The Virtual Book Fair story posted yesterday has compelled me to write a comment which is partly at the bottom of that story but since then, extended by the news that the new and still under development platform has already been nominated for a GoGlobal award. Additionally, the first Virtual Book Awards have also been organized and are being supported by ITC.
My comment essentially tried to cite the context and the need for such a platform by recalling that the complaint of some connected to the Indian publishing industry for many decades has been that our many book fairs have been ‘melas’ – essentially an outlet for the sale of books for smaller publishers who could meet a book hungry public across languages and interests. Of course our criticism was wrong because the more than 200 book fairs around the country each year represented one of the greatest aspirations and interests of a population gaining in not only functional literacy but in an active culture of modernity.
However, we saw that there was a greater need for the professional publishing culture and a huge unexplored opportunity for the structured trading of rights and translations across our languages and regions. This could not be addressed unless the fairs or the industry developed this activity alongside the melas. Structured interests and trade could also indirectly discourage piracy, we thought.
For a long time, quite a bit of the professional publishing culture was aided and nurtured by the Frankfurt Book Fair’s activity in India including its German Book Office. The GBO after many years of work has been wound up from the beginning of this year – a victim of the Covid-19 pandemic shrinking some of the more adventurous but useful and longterm efforts of the FBF. In the meantime, several years ago, the Jaipur Literary Festival started its BookMark activity – a physical and largely professional event alongside the festival but always in a discreetly separate venue that has taken on some of the work of literary awards, professional discussions of diversity, translations and perhaps a bit of the business of rights trading. This is a growing evolutionary success that adds justification to the JLF itself.
However the pandemic has thrown both the JLF and BookMark and to some extent the Frankfurt Book Fair out of gear. Frankfurt in its hybrid event learnt, I think, that its most important aspect for many professionals was really the rights platform. When this part was digitized with a hefty subsidy by the German government the rights platform which was hitherto a challenge for smaller publishers and new professionals became accessible – although I have not discussed this with the FBF organizers, I think they saw that this was a real or key value of the FBF for the industry.
It is with this perspective that I think that the Indian Virtual Book Fair investors and developers have hit on something important that will help the Indian book publishing industry. In a way the pandemic and its constraints on physical or face to face book fairs have thrown the emphasis on what publishers can do better by talking to each other and for themselves – using technology.
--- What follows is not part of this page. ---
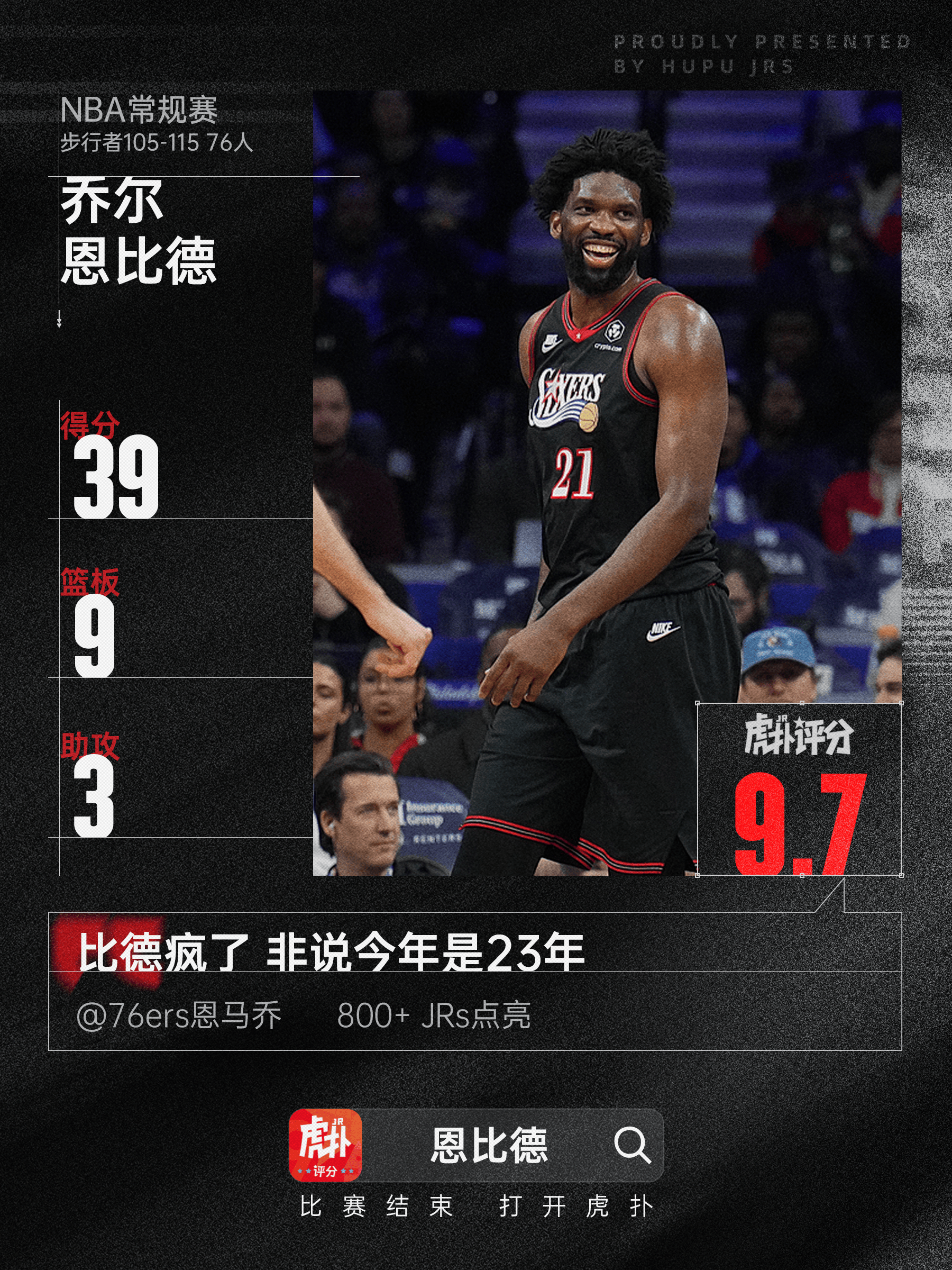 大帝出征!大帝德全恩比德全場砍下39分9籃板3助攻1搶斷由虎撲籃球資訊 發(fā)表在籃球資訊 https://bbs.hupu.com/502

And this is the opportunity that the Virtual Book Fair represents – to improve the business and professional side of our activity and to explore our regional literature and languages within our own comfort zone.
Technology has once more played into the hands of publishers who have invested years and generations but could not viably grow and access the potential of markets that seemed like a wall to them. Let this structured conversation that has flowered in the pandemic grow into a sound platform like the Indian Virtual Book Fair – with the humanity and open-ness of mind that publishing has always stood for. It is a huge and economically attractive proposition that will encourage many existing publishers and even others to become publishers who could not have dared to come forward given the barriers to trade and exchange that the old world of publishing had created and driven most except the fearless to a level of home or handicraft business.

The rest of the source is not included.